In a stark warning German researchers say that loud noise can increase the risk of heart attacks in elderly men and women.

In a stark warning German researchers say that loud noise can increase the risk of heart attacks in elderly men and women. This risk is squarely attributed to the noise related to the workplace as well as the usual din associated with traffic.

It was found that this noise had a physiological effect on the heart. Dr. Stefan Willich, director of the Institute for Social Medicine, Epidemiology and Health Economics at Charite University Medical Centre in Berlin and lead author of the study said that their study was a pointer to the fact that constant exposure to loud grating noise had a mild to moderate effect on the risk of heart attacks. "The increase appears more closely associated with actual sound levels rather than with subjective annoyance. However, there were differences between men and women and these need further investigation,' he commented.

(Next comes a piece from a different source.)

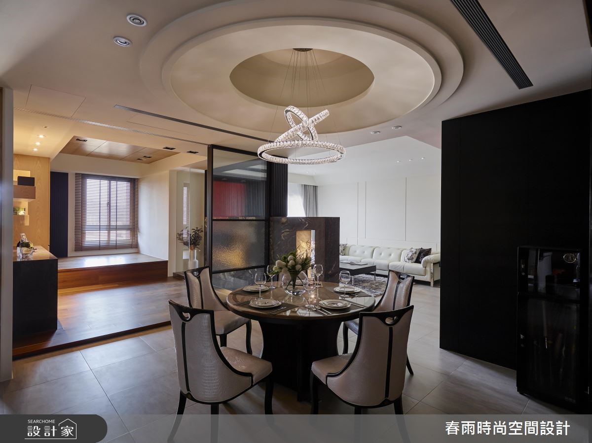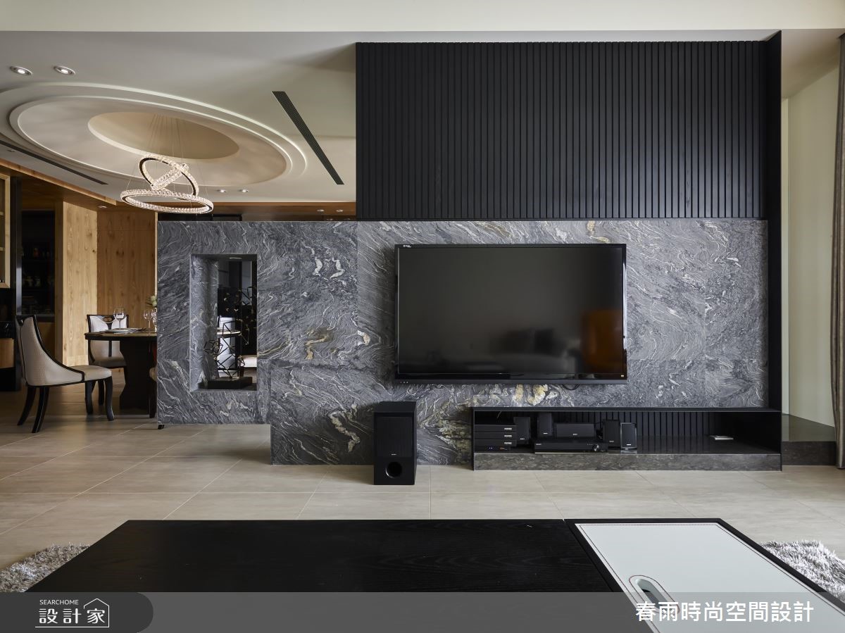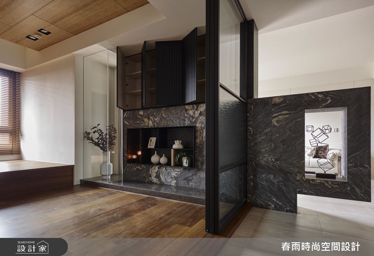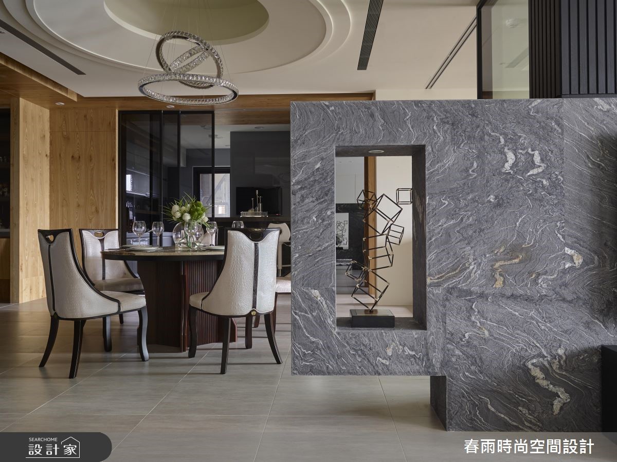 63 坪大宅,因家庭成员皆已成年,并且涵括两个世代,设计上相当注重居住者的隐私,以及一家人团聚的公共空间规划,设计师以时尚大器的现代风定义,搭配大理石材质、细部的灯光佐饰,以及充裕的收纳设计,完成机能与美感兼具的优质跨世代居所。步入这处住宅空间,半身高的铁灰色大理石墙相当吸睛,以浓郁的纹理挹注天然石质的艺术质性,向外稍微延伸,巧妙地拉阔了客厅的比例,并以虚实相间的镂空展示框格,与后方的用餐区、和室,保留开放敞亮的视感。玄关旁则将储藏室结合佛龛,既满足了收纳的机能需求,也让视线无法直接穿透屋内,达成隐私性的考量。餐厅为连繫家人情感的温馨场域,以圆融而优雅的天花设计与餐桌造型相互呼应,象徵一家人的幸福和圆满。多功能和室可兼做客房使用,利用,内部具有衣橱、矮柜等储物设计,另外,在架高木地板下方与电视墙后方也延伸大量的展示和收纳功能,打造实用和质感兼具的时尚大宅。小编的最爱宛如国外景观饭店的主卧室,可以望见辽阔的户外视野,来自阳台与五角形的窗檯处的明亮採光,为工作区和卧榻处提供了充裕的自然光线,形塑舒适放鬆的私领域氛围。

The current study observed the effect of noise on 2,000 heart attack patients admitted in the hospital and used 2,000 patients admitted in the trauma and general surgery departments, but not for heart attack as a control group. It was found that the noise level increased the risk of heart attack by 50 percent in men and by three times in women. On the reverse side, workplace noise tripled the risk for men and had minimal or no risk for women. "We seem to be looking at a threshold at which risk occurs and remains constant above this, and this [threshold] appears to be around 60 decibels,' Willich commented. The researchers theorize in the November 24 issue of the European Heart Journal that noise could arouse anger and stress in subjects and thus activate the stress-hormone Adrenaline, which could be directly responsible for elevating the risk of a heart attack.

Experts believe that the paper has made a direct correlation between high decibels of noise and heart attacks. Says Dr. Peter Rabinowitz, an associate professor of internal and occupational medicine at Yale University School of Medicine, 'The paper provides further support for the possibility that noise, a hazard so common we tend to take it for granted, is contributing to the burden of cardiovascular disease.' He believes that taking steps to reduce environmental and workplace sounds could be beneficial to the health in the long run.